How many ways can you select 2 students from a class of 8?

How many ways can you select 2 students from a class of 8?

Step 1: Understand that we want to select 2 students from a total of 8 students.
Step 2: Recognize that the order in which we select the students does not matter.
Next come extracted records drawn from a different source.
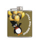 This whimsical penguin is celebrating the New Year with these festive balloons. The design is on the front of the flask. On the back there's an image of balloons.
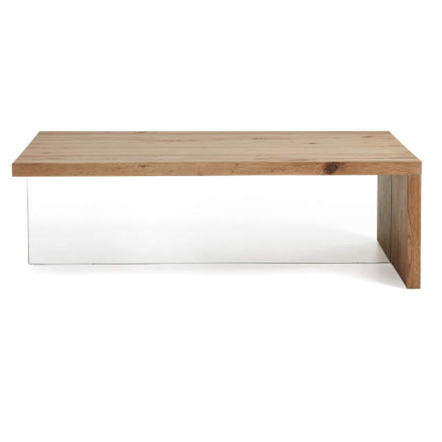 Tulsi coffee table solid oak wood and glass 120 x 70 cm
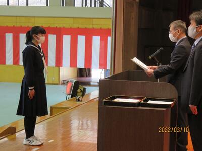 校長先生からの式辞のあと、各学年代表3名が2学期の振り返りと来年への抱負を発表しました。
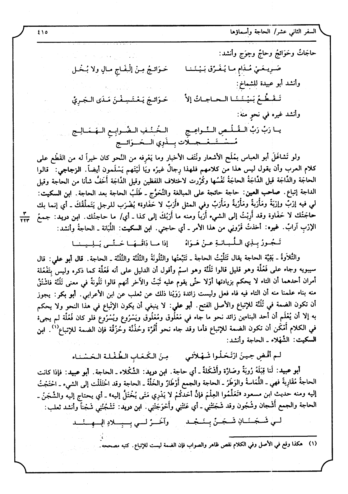 وحوائج وحاج وحوَج وَأنْشد: صريعَي مُدام مَا يفرّق بَيْننَا حوائج من إلفاج مَال وَلَا بُخل وَأنْشد أَبُو عُبَيْدَة للشماخ: تقطّع بَيْننَا الْحَاجَات إِلَّا حوائجَ يعتسِفْن مدى الجريّ وَأنْشد غَيره فِي نَحْو مِنْهُ: يَا ربّ ربّ القُلُص النّواعج الخُنُف الضّوابِع الهَمالِج مستعجلات بذوي الْحَوَائِج وَلَو تشاغل أَبُو الْعَبَّاس بمُلَح الْأَشْعَار ونُتَف الْأَخْبَار وَمَا يعرِفه من النّحو كَانَ خيرا لَهُ من القَطْع على كَلَام الْعَرَب وَأَن يَقُول لَيْسَ هَذَا من كَلَامهم فَلهَذَا رجال غَيره وَيَا ليتَهم يسلَمون أَيْضا. الزجاجي: قَالُوا الْحَاجة والدّاجة قيل الدّاجة الْحَاجة نَفسهَا وكُرِّرت لاخْتِلَاف اللَّفْظَيْنِ وَقيل الدّاجة أخفّ شَأْنًا من الْحَاجة وَقيل الداجة اتِّبَاع. صَاحب الْعين: حَاجَة حائجة على الْمُبَالغَة والتحوّج - طلب الْحَاجة بعد الْحَاجة، ابْن السّكيت: لي فِيهِ إرب وإربَة ومأرَبة ومأرُبة ومأرَب وَفِي الْمثل) أرَبٌ لَا حَفاوة (يضرَب للرجل يتملّقك - أَي إِنَّمَا بك حَاجَتك لَا حفاوة وَقد أرِبْت إِلَى الشَّيْء أرَباً وَمِنْه مَا أرَبُك إِلَى كَذَا - أَي مَا حَاجَتك. ابْن دُرَيْد: جمع الإرْب آرَاب. غَيره: أخذت قَروني من هَذَا الْأَمر - أَي حَاجَتي. ابْن السّكيت: اللُبانة - الْحَاجة وَأنْشد: تجور بِذِي اللُبانة عَن هَوَاهُ إِذا مَا راقها حَتَّى يَلينا والتُّلاوة - بقيّة الْحَاجة يُقَال تتلّيْت الْحَاجة - تتبّعتها والتّلونَة والتّلُنة والتُلُنّة - الْحَاجة. قَالَ أَبُو عَليّ: قَالَ سِيبَوَيْهٍ وَجَاء على فَعُلّة وَهُوَ قَلِيل قَالُوا تلُنّة وَهُوَ اسْم وَأَقُول إِن الدَّلِيل على أَنه فعُلّة كَمَا ذكره وَلَيْسَ بتفعُلة أَمْرَانِ أَحدهمَا أَن التَّاء لَا يحكم بزيادتها أَولا حَتَّى يقوم عَلَيْهِ ثبَت وَالْآخر أَنهم قَالُوا تَلونة فِي معنى تلنّة فاشتُقّ مِنْهُ بِنَاء علمنَا مِنْهُ أَن التَّاء فِيهِ فَاء فعل وَلَيْسَت زَائِدَة رويْنا ذَلِك عَن ثَعْلَب عَن ابْن الْأَعرَابِي. أَبُو بكر: يجوز أَن تكون الضمة فِي تُلُنّة لِلِاتِّبَاعِ وَالْأَصْل الْفَتْح. أَبُو عَليّ: لَا يَنْبَغِي أَن يكون الإتْباع فِي هَذَا النَّحْو وَلَا يحكم بِهِ إِلَّا أَن يُعْلَم أَن أحد البناءين زَائِد نَحْو مَا جَاءَ فِي معلوق ومُعلوق ويَسروع ويُسروع فَلَو كَانَ فُعُلّة لم يجِئ فِي الْكَلَام أمكن أَن تكون الضمة لِلِاتِّبَاعِ فَأَما وَقد جَاءَ نَحْو أُفرّة وحُذُنّة وحُزُقّة فَإِن الضمة لِلِاتِّبَاعِ. ابْن السّكيت: الشّهْلاء - الْحَاجة وَأنْشد: لم أقضِ حِين ارتحلوا شهْلائي من الكَعاب الطَّفلة الْحَسْنَاء أَبُو عبيد: لنا قِبَله رُوبَة وصارّة وأشكلة - أَي حَاجَة. ابْن دُرَيْد: الشّكْلاء - الْحَاجة. أَبُو عبيد: فَإِذا كَانَت الحاجةُ مقاربة فَهِيَ - اللُماسة والوطَر - الْحَاجة وَالْجمع أوطار والخَلّة - الْحَاجة وَقد اختللْت إِلَى الشَّيْء - احتجْت إِلَيْهِ وَمِنْه حَدِيث ابْن مَسْعُود تعلّموا العِلم فإنّ أحدكُم لَا يدْرِي مَتى يفخْتَلّ إِلَيْهِ - أَي يحْتَاج إِلَيْهِ والشّجَن - الْحَاجة وَالْجمع أشجان وشُجون وَقد شجنتْني - أَي عنتْني وأحوجتْني. ابْن دُرَيْد: تشجُنُني شجْناً وَأنْشد ثَعْلَب: لي شَجَنان شجَن بنجْد وَآخر لي بِبِلَاد الهِند
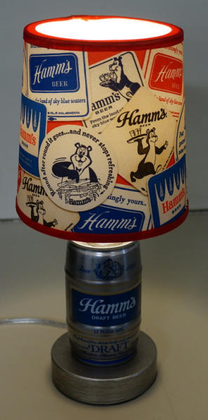 Original barrel can custom made into a lamp with custom Hamm's shade, really nicely done, 13" tall

This means we will use combinations, not permutations.
Step 3: Use the combination formula C(n, r) = n! / (r!(n - r)!), where n is the total number of students (8) and r is the number of students to select (2).
Step 4: Plug in the values into the formula: C(8, 2) = 8! / (2!(8 - 2)!).
Step 5: Calculate (8 - 2) which equals 6, so we have C(8, 2) = 8! / (2! * 6!).
Step 6: Calculate 8! (which is 8 x 7 x 6 x 5 x 4 x 3 x 2 x 1) but notice that 6! will cancel out in the calculation.
Step 7: Simplify the equation: C(8, 2) = (8 x 7) / (2 x 1).
Step 8: Calculate the numerator: 8 x 7 = 56.
Step 9: Calculate the denominator: 2 x 1 = 2.
Step 10: Divide the numerator by the denominator: 56 / 2 = 28.
Step 11: Conclude that there are 28 different ways to select 2 students from a class of 8.

Combinations – The concept of combinations is used to determine the number of ways to select items from a larger set where the order of selection does not matter.